Vet School hosts opening of East Campus Research Facility, future home of 45,000 lab mice

A champagne toast and ribbon-cutting ceremony hailed the June 26 opening of the 79,000-square-foot East Campus Research Facility (ECRF), a consolidated animal research building five years in the making that will be a key part of Cornell's New Life Sciences Initiative.

Close to 150 faculty, staff and students attended the ceremony, which featured remarks from several administrators and tours of the nearly complete building. The ECRF promises to greatly increase the quality of live-animal research done at Cornell across various life science disciplines.

About 45,000 mice will be housed in the new facility, compared with the 15,000 that are currently kept at the Vet School. In addition to mice, the ECRF will also contain chickens, woodchucks, rats, guinea pigs and hamsters.

The $55 million ECRF, which is scheduled to be operational by this fall, is a major cog in the $600 million New Life Sciences Initiative at Cornell. The cornerstone building of that initiative, Weill Hall, is scheduled for completion in early 2008.

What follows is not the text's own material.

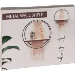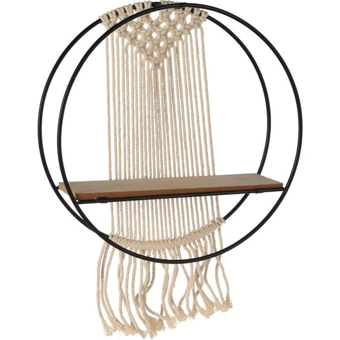 - Dekoratives Hängeregal mit geknüpften Bändern und Holzboden

Donald Smith, dean of the College of Veterinary Medicine, said that though the ECRF is an animal care project, its scope and usage will not be limited to the Vet School.

"Though veterinarians and biomedical scientists in our college will comprise a substantial contingent of users, the collaboration that these individuals will have with other faculty ... will ensure that this is truly a building for all of Cornell's life sciences," Smith said.

Smith will step down as dean on June 30, to be succeeded by Michael Kotlikoff, chair of the Department of Biomedical Sciences at the Vet School. Kotlikoff pointed to a collaborative effort among faculty visionaries, the Philadelphia-based architecture firm Ballinger, Cornell's Planning, Design and Construction office, and many others that brought the ECRF to fruition.

Transgenic mice, or mice that have had their DNA altered, are a key tool for researchers to see how individual genes function, leading, for example, to breakthroughs in cancer and other diseases. In addition to the increased mouse capacity in the ECRF, Weill Hall also will have a vivarium for the hosting of additional small animals.

The ECRF features state-of-the-art cage-washing and storage rooms with strict protocols for keeping mice and cages from cross-contamination. Mice found to have unwanted pathogens will be kept from infecting "clean" mice that are needed for laboratory experiments. While unique strains of transgenic animals will be bred at the facility, most will be purchased from live-animal suppliers.

In 2004 the building was awarded an Excellence in Architectural Design prize from the American Institute of Architecture's Philadelphia Chapter. The award went to the architecture company Ballinger, on behalf of Cornell as its client, in the Unbuilt Buildings category.